Why the higher interest rate? Because they carry greater risk for the lender. A home sale could fall apart before the transaction is officially completed, raising the risk that a buyer will suddenly be forced to carry two mortgages, as well as taxes and utilities, on the two homes. Oh my!

While the downside of bridge financing is minimal, there are some key considerations to keep in mind. The first is that buyers must financially qualify. It's not unlike applying for a regular mortgage loan; gross combined annual income and credit scores are important considerations for the lender.

Secondly, not all financial institutions offer bridge loans. Further, some high risk buyers may be forced to seek financing from private lenders who charge far steeper rates, currently as high as 19 to 21 per cent.

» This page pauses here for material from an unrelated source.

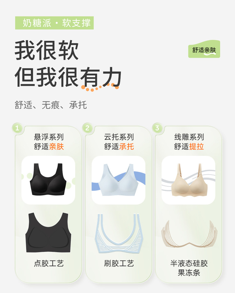 商品名称:【无钢圈软支撑】悬浮软支胸罩女隐形内衣一片式舒适无痕文胸超薄 272782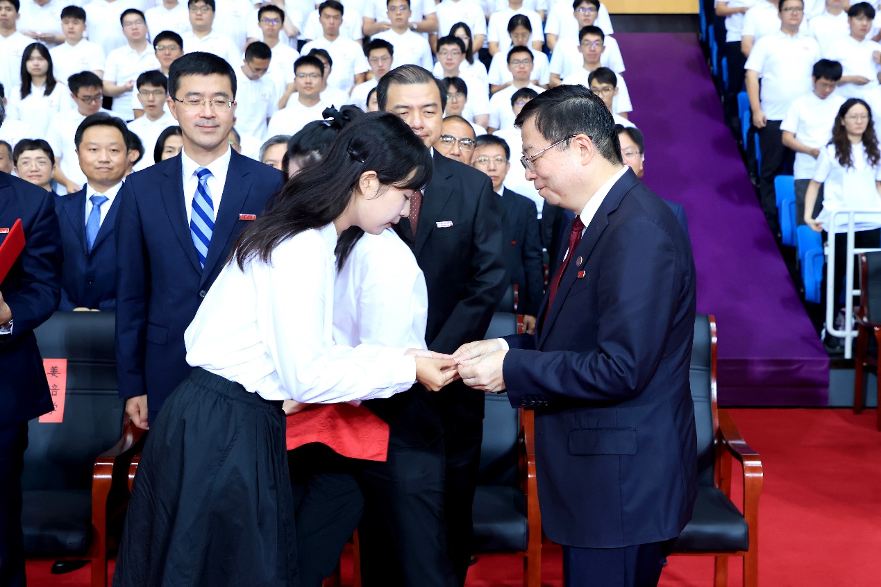 典礼上举行了新生佩戴乐鱼在线平台徽章仪式,校党委书记邱勇为新生代表送上乐鱼在线平台徽章。这枚徽章,不仅代表着“清华人”的身份,更承载着清华“自强不息、厚德载物”的精神,承载着清华人的使命与荣光。

The worst thing you can do is to make a commitment to buy a home unconditionally, only to realize afterward when the dust has settled that you cannot be approved for a bridge loan because you don't have sufficient equity in your present property to secure it. Or just as bad, that you'll be unable to comfortably service the debt.

I strongly advise that you have a serious discussion with your financial advisor, be it a banker, lawyer or mortgage broker, and develop a feasible plan ... 

Before making any contractual commitments

In the event that a worst-case scenario happens, you'll not regret having been realistically prepared with a plan that takes into account everything from household cash flow, to excess funds from savings, to your ability to carry two mortgages. Hey - it's possible.

At the end of the day, a well-planned financing strategy, that may include a bridge loan, will provide you with peace of mind. I must emphasize again that your detailed plan should include a trip to your lender of choice, which is usually the same institution that is providing your mortgage loan.